FedFirst Financial Corporation (NASDAQ Capital: FFCO; the “Company”), the parent company of First Federal Savings Bank, today announced net income of $374,000 for the three months ended March 31, 2010 compared to $319,000 for the three months ended March 31, 2009. Basic and diluted earnings per share were $0.06 for the three months ended March 31, 2010 compared to $0.05 for the three months ended March 31, 2009.

Mr. O’Brien, President and Chief Executive Officer of the Company, stated, “We are encouraged by the continued progress our company has made toward sustainable financial performance including:

  • Five consecutive quarters of positive earnings supported by both our banking and insurance operations.
  • Deposit growth of $10.9 million in the first quarter of 2010.
  • A net interest margin of 3.09%, up from 2.75% year to year.

We remain cautious in the face of an unsettled economy which includes soft loan demand. However, our commitment to building a viable financial services company resonates throughout our team of professionals.”

First Quarter Results

Net interest income for the three months ended March 31, 2010 increased 12.6%, or $280,000 to $2.5 million compared to $2.2 million for the three months ended March 31, 2009. Interest rate spread and net interest margin were 2.81% and 3.09%, respectively, for the three months ended March 31, 2010 compared to 2.43% and 2.75%, respectively, for the three months ended March 31, 2009. The improvement in interest rate spread and net interest margin is primarily attributable to lower costs on deposits coupled with a reduction in borrowings.

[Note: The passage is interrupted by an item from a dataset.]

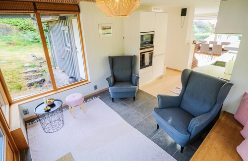 Welcome to this exclusive architect-designed villa located in the sought-after area of Mjörn on western Tjörn. Here you stay in a stylish and nature-close house with fantastic views of the western sea and a private pool overlooking the cliffs and ocean. A holiday home that truly offers something extra – perfect for both families and adult company.The villa is spacious and tastefully decorated with large windows, high ceilings, and an open floor plan that brings in the light and nature outside. It accommodates up to 6 people in three bedrooms – one with a double bed, one with two single beds, and a smaller one with a bunk bed. The kitchen is fully equipped with everything you need for enjoying holiday meals, and the dining area offers views of the terrace and the lush garden. The living room has a cozy sofa corner, a fireplace, and direct access to the terrace and pool area. The bathroom is fully tiled with shower, WC, and laundry facilities.On the generous terrace, there are seating areas, barbecue facilities, and views of the beautiful coastal landscape. The proximity to the sea makes it easy to take a dip from the child-friendly rocks or jump in from the diving board at the nearby beach, just a short walk away.Things to do in Mjörn and the surrounding area: Mjörn is a gem on Tjörn with close proximity to nature, the sea, and charming coastal villages. Enjoy world-class swimming opportunities – from salty cliffs to child-friendly beaches and small harbors. Take a sunset kayak tour or a day trip to the Nordic Watercolour Museum in Skärhamn, where you’ll also find cozy restaurants, shops, and cafés. If you love hiking, there are several beautiful trails in the area, and for longer excursions you can easily reach Orust or Stenungsund.Good to know about this accommodation:• A deposit of 3500 SEK is mandatory and must be paid on arrival day. The deposit will be refunded approximately one week after departure if the house is left in approved condition.• Bed linen and towels can be rented: 190 SEK/person and 60 SEK/person respectively.• Final cleaning is not included but can be booked for 2000 SEK.• Electricity is included in the rent, charging electric cars is not allowed.• No smoking allowed.• Pets are not allowed.• Youth groups are not accepted and parties are not permitted.

The provision for loan losses was $200,000 for the three months ended March 31, 2010 compared to $160,000 for the three months ended March 31, 2009. The increase in the provision is primarily related to an increase in nonperforming loans. Total nonperforming loans increased to $1.7 million at March 31, 2010 compared to $1.2 million at December 31, 2009 and $817,000 at March 31, 2009. Nonperforming loans at March 31, 2010 is comprised of nine residential real estate loans totaling $873,000, three consumer loans totaling $217,000 and two commercial real estate loans totaling $582,000. The increase from December 31, 2009 to March 31, 2010 is primarily related to six residential and one commercial real estate loans totaling $1.1 million at March 31, 2010 partially offset by two multi-family real estate loans totaling $634,000 that were transferred to real estate owned in the first quarter of 2010. Current conditions in the housing and credit markets also contributed to the increase in the provision. Net charge-offs were $92,000 for the three months ended March 31, 2010 compared to $232,000 for the three months ended December 31, 2009 and $13,000 for the three months ended March 31, 2009.